BEGIN Material for this task

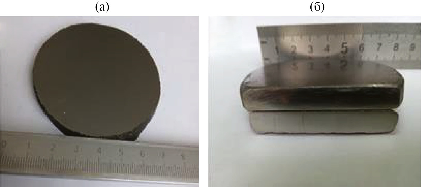 6. 5. Photographs of polished alloy samples 1 (a), 3 (b) (diameter 70 mm, thickness 8 mm).
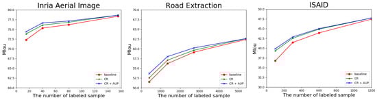 After a large number of experiments, we can conclude that our method CR and AUP is effective for semi-supervised segmentation of remote sensing images. As can be seen from the above experiments, when 1/8, 1/4, and 1/2 of the labeled data are used, respectively, our results are significantly improved compared with the baseline models. Therefore, we further explored the differences in the degree of improvement of our methods for different proportions of labeled data in the training data. We selected the best baseline model DeepLabV3+ and compared its results across different datasets. The segmentation performance of the model corresponding to variation of number of labeled images is shown in Figure 7.
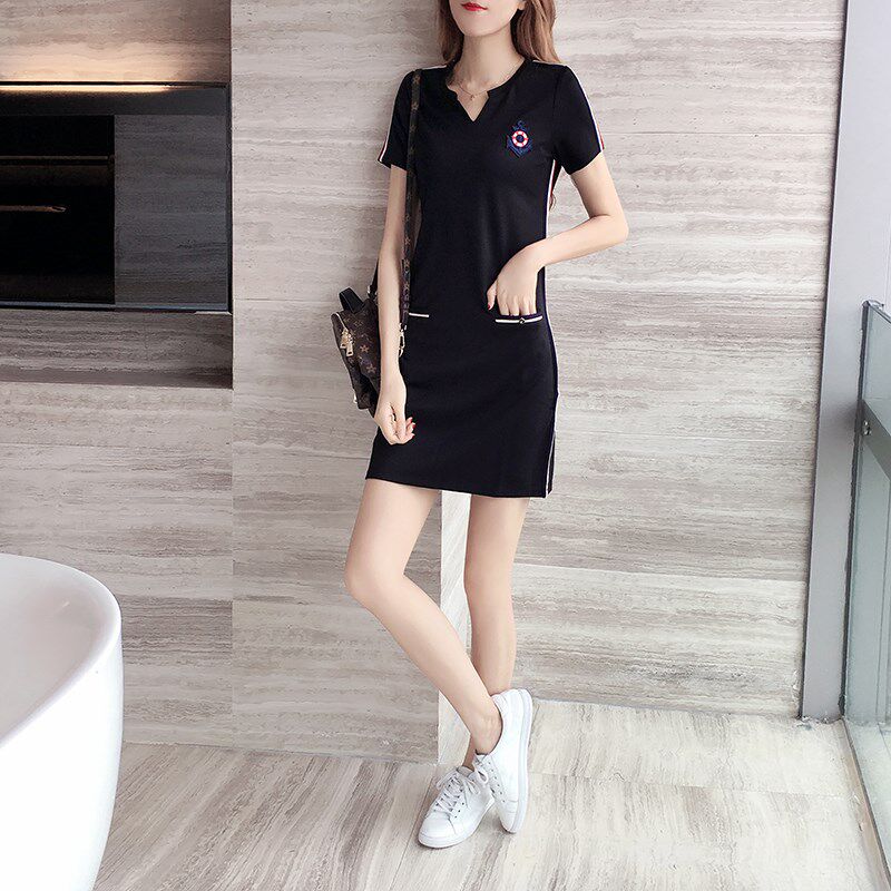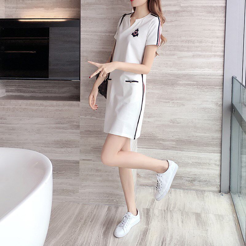 South Korea 2020 new boomer dress women's summer large size women's slim fit slim middle long version sports casual dresses
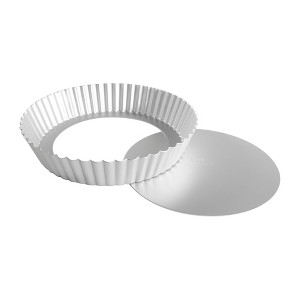 Bake tarts, quiches, pies and a variety of other sweet and savory recipes with Fat Daddio's ProSeries Fluted Tart Pans. These pans are great for creating firm and flaky crusts. Simply push through the bottom to de-pan. Use the removable-bottom to display and serve your tart. Seamless design with fluted sides. Safe for citrus-based foods. Built to last through daily use in both the home kitchen and commercial establishments. Hand wash recommended.
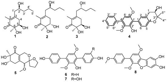 In summary, this study focused on the isolation and structural elucidation of four new compounds and four known compounds from the marine fungus Aspergillus sp. ITBBc1. The identification of these compounds was accomplished through the application of diverse spectroscopic techniques and comparison with published data. Compounds 1–3 have a similar structure to compounds reported by González Coloma et al., obtained from Stemphylium solani [], which have biocidal activity simultaneously against more than one category of harmful organisms affecting plants. Compound 4 belongs to p-terphenyl, possessing the same skeleton with prenylterphenyllin G [] and modified by hydroxy group at C-2‴. Compound 5 is an anazaphilone derivative that was first reported by Zhang et al. []. Compounds 6 and 7 are p-terphenyl derivatives and have the ability to inhibit wheat coleoptile growth significantly according to the previous reports []. Compound 7 has also been reported as an important anti-proliferative and pro-apoptotic agent for ovarian cancer []. Compound 8 is a terphenyllin derivative. Our results showed that compounds 6–8 exhibited remarkable antagonistic activities against the germination of Triticum aestivum L. and Oryza sativa L. seeds, but did not show effects against and Amaranthus retroflexus L. Therefore, it can be roughly concluded that compounds 6–8 are only phytotoxic against monocots. These bioactive compounds can be considered for weed control as herbicides in the field of dicotyledonous crops as they are only toxic to monocots, so they can be mixed with fertilizer to inhibit the germination of monocotyledonous weeds in the soil. Taken together, the unique structures of new compounds and the biologically active compound could provide an interesting foundation for further investigations.
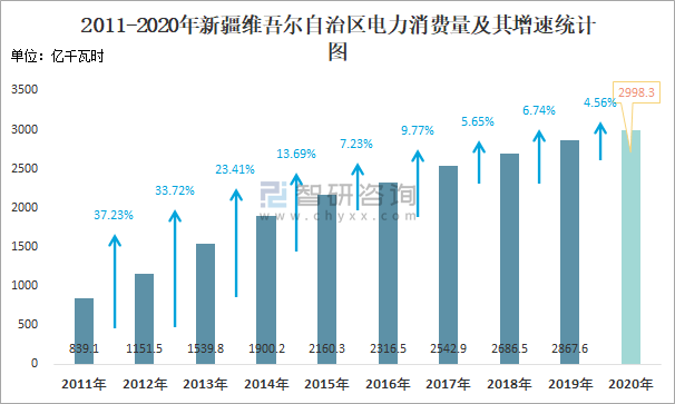 2011-2020年新疆維吾爾自治區電力消費量及其增速統計圖

END Material for this task

* **Brief**
Transcribe all of the listing precisely. The images stay out of it.

* **Result of this exercise**
 6. 5. Photographs of polished alloy samples 1 (a), 3 (b) (diameter 70 mm, thickness 8 mm).
 After a large number of experiments, we can conclude that our method CR and AUP is effective for semi-supervised segmentation of remote sensing images. As can be seen from the above experiments, when 1/8, 1/4, and 1/2 of the labeled data are used, respectively, our results are significantly improved compared with the baseline models. Therefore, we further explored the differences in the degree of improvement of our methods for different proportions of labeled data in the training data. We selected the best baseline model DeepLabV3+ and compared its results across different datasets. The segmentation performance of the model corresponding to variation of number of labeled images is shown in Figure 7.
 South Korea 2020 new boomer dress women's summer large size women's slim fit slim middle long version sports casual dresses
 Bake tarts, quiches, pies and a variety of other sweet and savory recipes with Fat Daddio's ProSeries Fluted Tart Pans. These pans are great for creating firm and flaky crusts. Simply push through the bottom to de-pan. Use the removable-bottom to display and serve your tart. Seamless design with fluted sides. Safe for citrus-based foods. Built to last through daily use in both the home kitchen and commercial establishments. Hand wash recommended.
 In summary, this study focused on the isolation and structural elucidation of four new compounds and four known compounds from the marine fungus Aspergillus sp. ITBBc1. The identification of these compounds was accomplished through the application of diverse spectroscopic techniques and comparison with published data. Compounds 1–3 have a similar structure to compounds reported by González Coloma et al., obtained from Stemphylium solani [], which have biocidal activity simultaneously against more than one category of harmful organisms affecting plants. Compound 4 belongs to p-terphenyl, possessing the same skeleton with prenylterphenyllin G [] and modified by hydroxy group at C-2‴. Compound 5 is an anazaphilone derivative that was first reported by Zhang et al. []. Compounds 6 and 7 are p-terphenyl derivatives and have the ability to inhibit wheat coleoptile growth significantly according to the previous reports []. Compound 7 has also been reported as an important anti-proliferative and pro-apoptotic agent for ovarian cancer []. Compound 8 is a terphenyllin derivative. Our results showed that compounds 6–8 exhibited remarkable antagonistic activities against the germination of Triticum aestivum L. and Oryza sativa L. seeds, but did not show effects against and Amaranthus retroflexus L. Therefore, it can be roughly concluded that compounds 6–8 are only phytotoxic against monocots. These bioactive compounds can be considered for weed control as herbicides in the field of dicotyledonous crops as they are only toxic to monocots, so they can be mixed with fertilizer to inhibit the germination of monocotyledonous weeds in the soil. Taken together, the unique structures of new compounds and the biologically active compound could provide an interesting foundation for further investigations.
 2011-2020年新疆維吾爾自治區電力消費量及其增速統計圖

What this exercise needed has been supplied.